**** MATERIAL FOR THIS TASK ****

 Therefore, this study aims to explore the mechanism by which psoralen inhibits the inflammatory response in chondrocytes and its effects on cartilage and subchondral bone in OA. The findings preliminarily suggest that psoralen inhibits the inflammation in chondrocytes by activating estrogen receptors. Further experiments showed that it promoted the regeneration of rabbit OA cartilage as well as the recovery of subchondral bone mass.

****
**** MATERIAL FOR THIS TASK ****

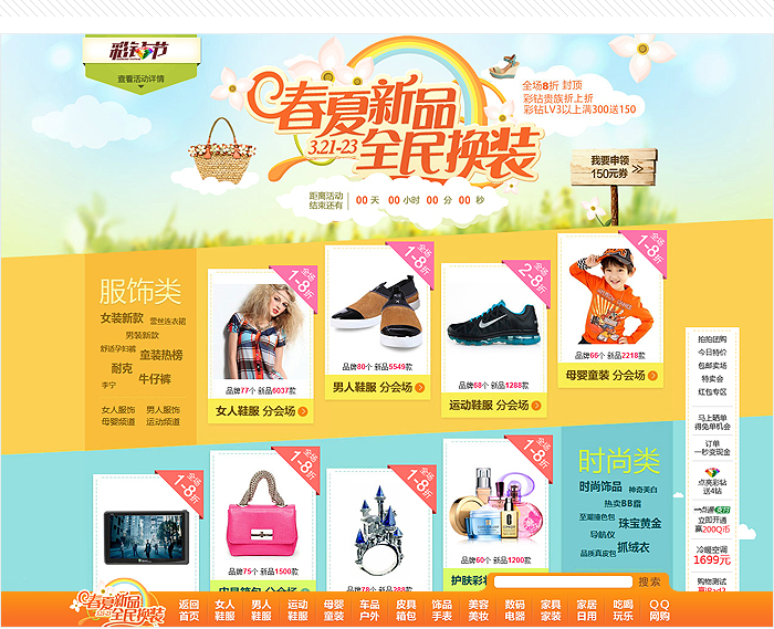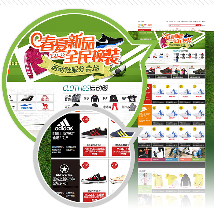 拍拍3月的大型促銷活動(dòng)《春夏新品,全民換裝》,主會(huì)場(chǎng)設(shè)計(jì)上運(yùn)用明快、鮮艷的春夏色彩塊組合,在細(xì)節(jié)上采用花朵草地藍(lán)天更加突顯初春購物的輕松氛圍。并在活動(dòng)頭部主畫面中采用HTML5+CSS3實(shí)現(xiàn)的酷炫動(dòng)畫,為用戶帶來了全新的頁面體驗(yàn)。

****
**** MATERIAL FOR THIS TASK ****

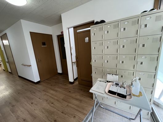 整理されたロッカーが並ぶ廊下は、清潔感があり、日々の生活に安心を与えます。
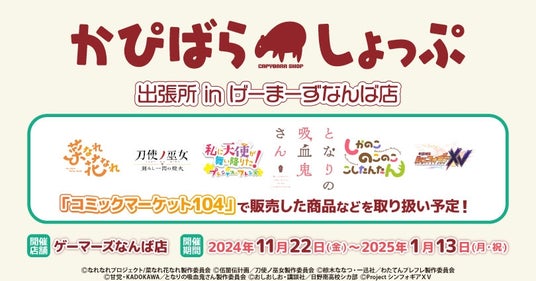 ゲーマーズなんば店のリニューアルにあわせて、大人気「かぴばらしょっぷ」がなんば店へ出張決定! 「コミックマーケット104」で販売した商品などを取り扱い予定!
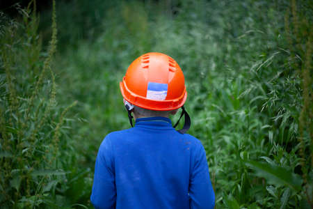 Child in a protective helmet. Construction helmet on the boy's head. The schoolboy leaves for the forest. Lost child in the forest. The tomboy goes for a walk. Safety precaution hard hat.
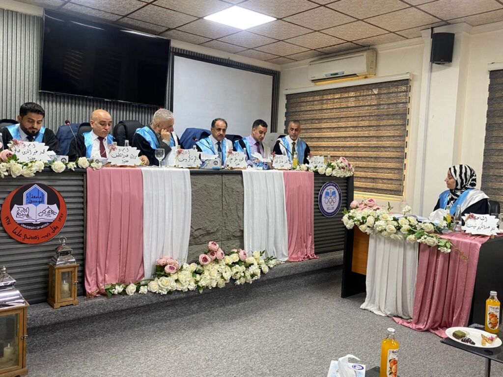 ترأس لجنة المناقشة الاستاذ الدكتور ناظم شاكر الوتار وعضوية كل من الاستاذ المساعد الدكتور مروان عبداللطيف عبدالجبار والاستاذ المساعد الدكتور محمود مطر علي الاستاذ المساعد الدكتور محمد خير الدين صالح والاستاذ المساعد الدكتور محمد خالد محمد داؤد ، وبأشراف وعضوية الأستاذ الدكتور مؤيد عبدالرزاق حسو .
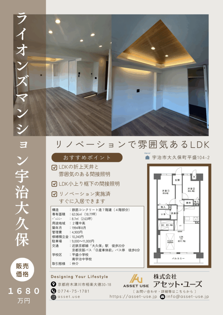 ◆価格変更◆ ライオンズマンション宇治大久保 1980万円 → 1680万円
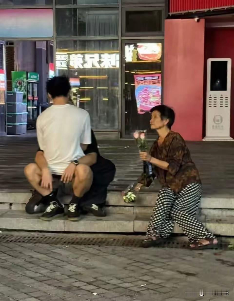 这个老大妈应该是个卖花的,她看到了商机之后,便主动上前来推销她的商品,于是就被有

****

**YOUR OBJECTIVE:** Lines wanted from the entries above: the one with "整理されたロッカーが並ぶ廊下は、清潔感があり、日々の生活に安心を与えます。", the one with "Child in a protective", and all lines between. Please copy them exactly, without the pictures and without anything else.

**YOUR SOLUTION:**
 整理されたロッカーが並ぶ廊下は、清潔感があり、日々の生活に安心を与えます。
 ゲーマーズなんば店のリニューアルにあわせて、大人気「かぴばらしょっぷ」がなんば店へ出張決定! 「コミックマーケット104」で販売した商品などを取り扱い予定!
 Child in a protective helmet. Construction helmet on the boy's head. The schoolboy leaves for the forest. Lost child in the forest. The tomboy goes for a walk. Safety precaution hard hat.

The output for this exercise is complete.